Mary Retallack

Viticulturist, Managing Director

Whether she’s donning workboots to check the health of vines in the field or putting on a lab coat to examine the DNA of grape pests, Mary Retallack’s focus is advancing SA’s wine sector.

As Managing Director of Retallack Viticulture, Mary works closely with wine growers and winemakers to enhance fruit quality and yield, while growing fruit that is ‘fit for purpose’ in response to market trends.

I grew up on a fruit block in the Riverland where we produced wine grapes, drying grapes and table grapes. But I didn’t realise I could have a career in the wine sector and I left home at sixteen to study at uni to become a park ranger. Through a series of fortuitous events, I found myself helping to establish the viticulture and wine studies program at Onkaparinga Institute of TAFE, just as the wine sector was taking off in the mid 1990s.

Over the past two decades I’ve worked in Australia and overseas as a viticultural lecturer, project leader, extension specialist, vineyard manager, in cellar operations, and as a viticulture consultant and researcher.

As a viticulturist, I see a very positive future for the wine sector that will be amazingly different with new business models, new grape varieties and new technologies, such as nanotechnology and robotics. The possible applications are quite mind-blowing.

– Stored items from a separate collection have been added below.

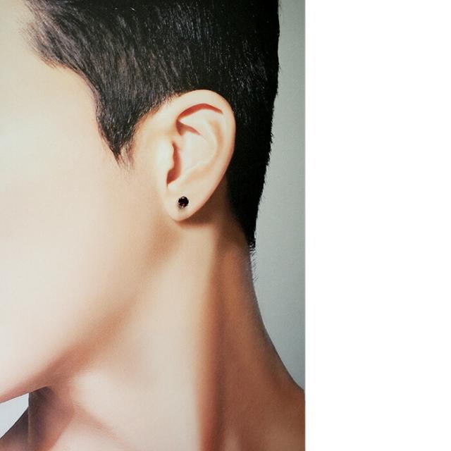ガーネット 大粒 5mm プラチナ メンズピアス 片耳 軸太 ロングポスト 天然石 誕生石 日本製 【品質保証書つき】 シンプル セカンドピアス 1個ずつバラ売り
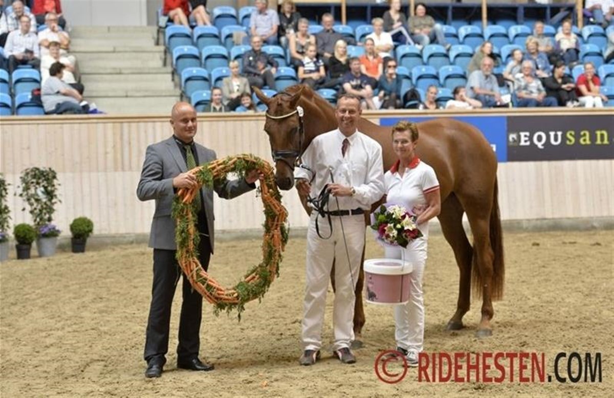 Prisen, samt en flot krans af gulerødder, blev overrakt til Fiontinas ejer og opdrætter af Jacob Jessen, markedschef for Equsana.
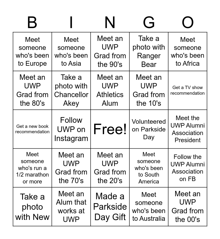 This bingo card has a free space and 24 words: Meet an UWP Grad from the 70's, Meet an Alum that works at UWP, Meet an UWP Athletics Alum, Take a photo with New, Meet someone who's been to Africa, Meet someone who's been to Europe, Meet an UWP Grad from the 80's, Meet someone who's been to Asia, Volunteered on Parkside Day, Meet an UWP Grad from the 20's, Meet an UWP Grad from the 10's, Get a new book recommendation, Meet someone who's been to South America, Follow the UWP Alumni Association on FB, Take a photo with Chancellor Akey, Meet someone who's been to Australia, Meet the UWP Alumni Association President, Meet an UWP Grad from the 90's, Get a TV show recommendation, Follow UWP on Instagram, Meet an UWP Grad from the 00's, Meet someone who's run a 1/2 marathon or more, Take a photo with Ranger Bear and Made a Parkside Day Gift.
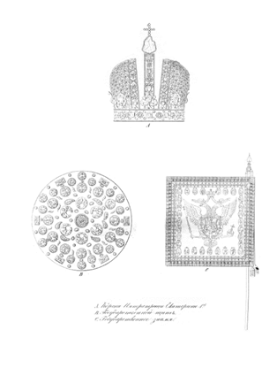 3) Сделанная к коронации Императрицы Екатерины корона в 1724 году отличается от древних Царских венцов своею Фигурой, сходною с Европейскими Императорскими коронами. Ее возлагал на себя при короновании Петр II в 1728 году, Февраля 25. По образцу ее сделана новая для коронования Императрицы Анны Иоанновны. От прежней короны остался один только серебряный остов, с коего сняты алмазы. В первой 2536 алмазов, 4 крупные яхонта, 17 лалов, 5 шпинаров, 1 винис и 1 хрусталь-смазень; под алмазным крестом на верху значительной величины и цены лал Водокшанский.
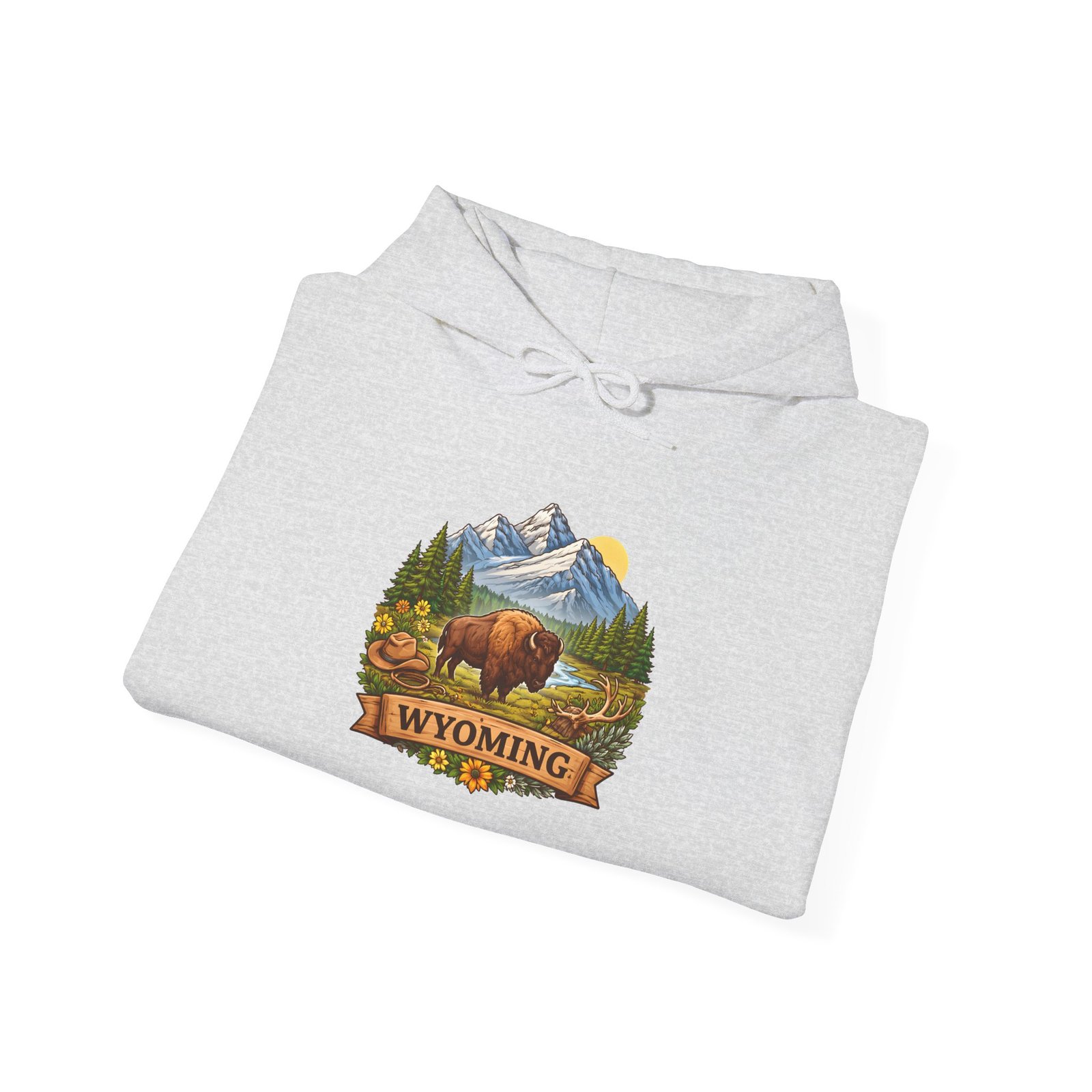 Be the first to review “Wyoming Buffalo Hoodie — Scenic Mountain & Bison Graphic Sweatshirt”
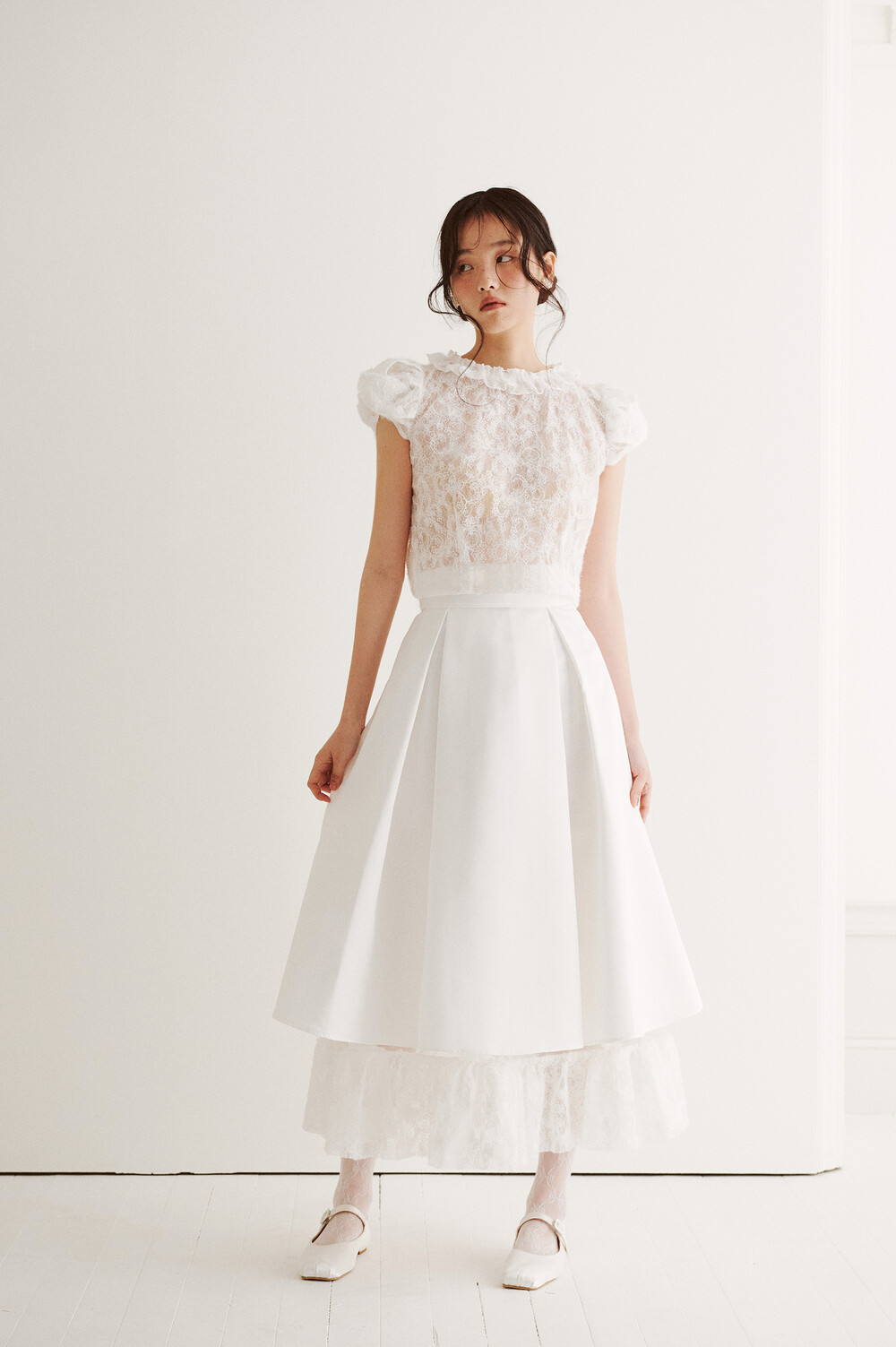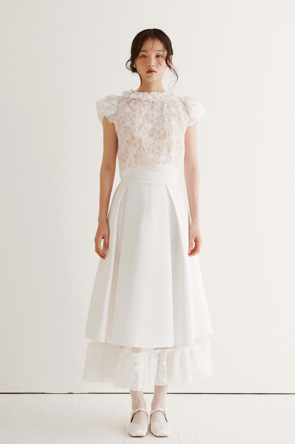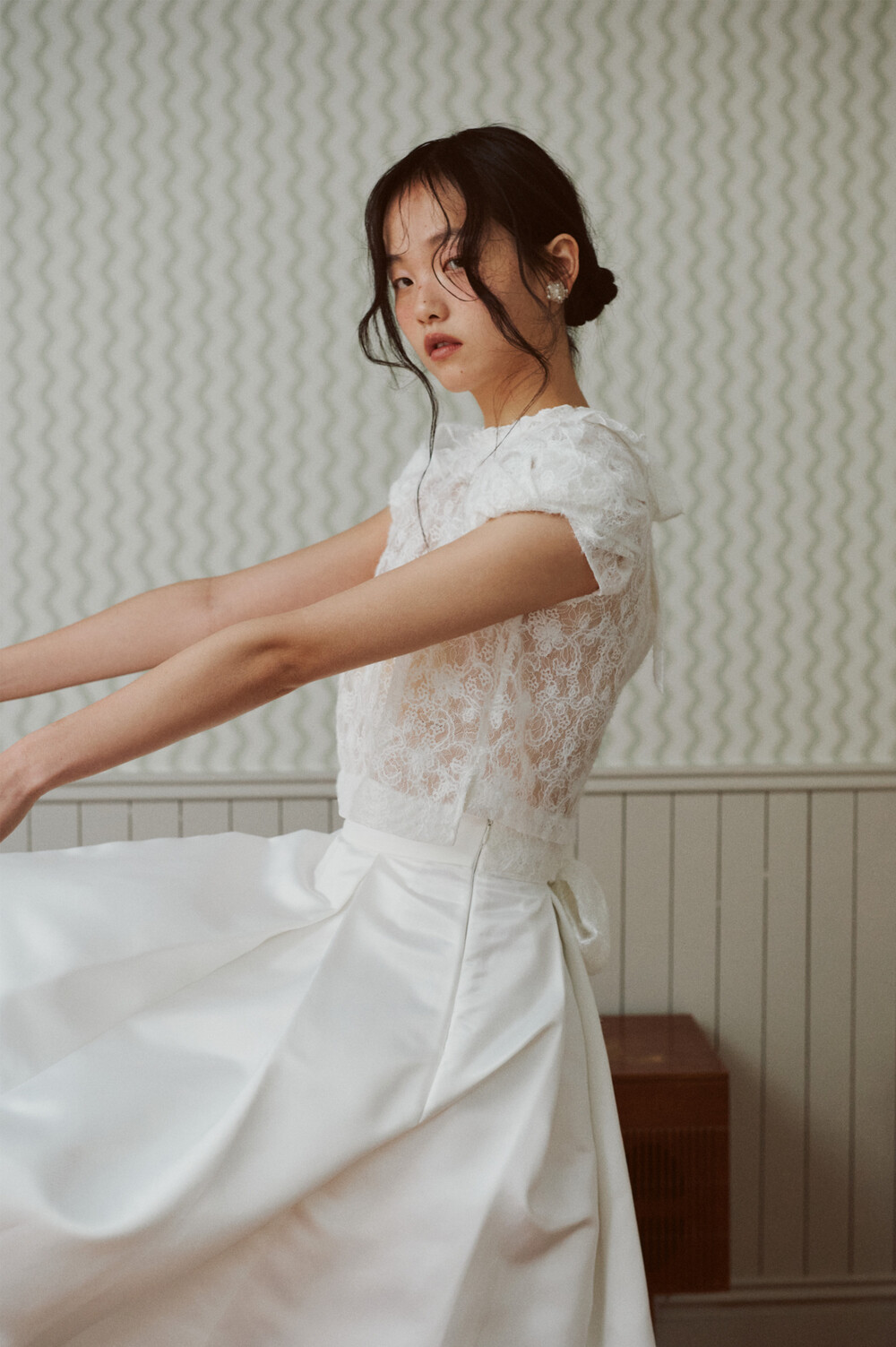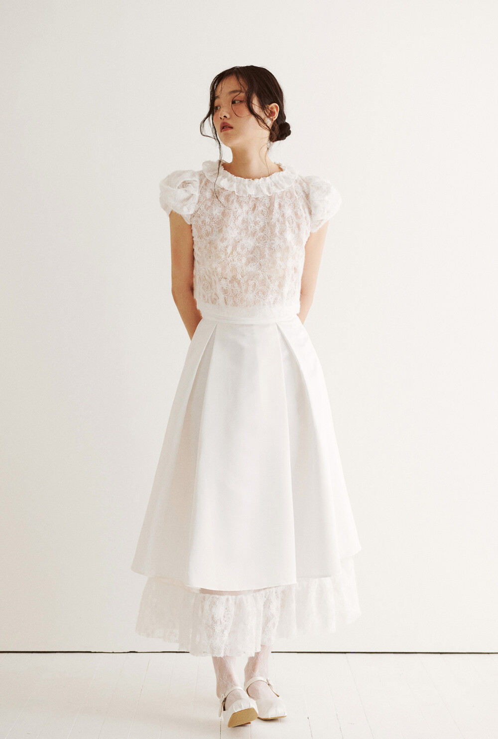 여러 줄의 끈이 교차되어 완성되는 봉긋한 퍼프 소매와 등 뒤로 깊게 파진 삼각라인에 반짝이는 보석 단추로 마무리된 사랑스러운 블라우스, 허리 뒤로 묶는 볼드한 레이스 리본 밴드가 특징인 풍성한 A라인의 스커트로 구성되어 있습니다.

My interest in natural resource management and environmental stewardship has influenced my current PhD studies which has two focuses: identifying native vegetation that can be used to boost populations of predators for natural biological control of key vineyard pests including Light Brown Apple Moth; and research using DNA barcodes to ultimately help us better control key vineyard pests, naturally.

My smartest decision was starting my own business, albeit during the GFC. If you can survive that, you can survive just about anything in business.

One thing I’ve learned is it’s important to create healthy boundaries between your work and personal life. Say yes to opportunities, as you never know where they may lead. But don’t over-commit. It is ok to say no occasionally too! It’s a balance.

My best advice is do the things you love to do and be the best you can be. Offer a point of difference to set yourself out from the crowd. Be brave and persistent, generous and kind. Don’t take no for an answer if you know there is a better way, or if you can create one!

Quote : "For the wine sector to reach its full potential, we need to fully utilise the diversity and skills of both men and women."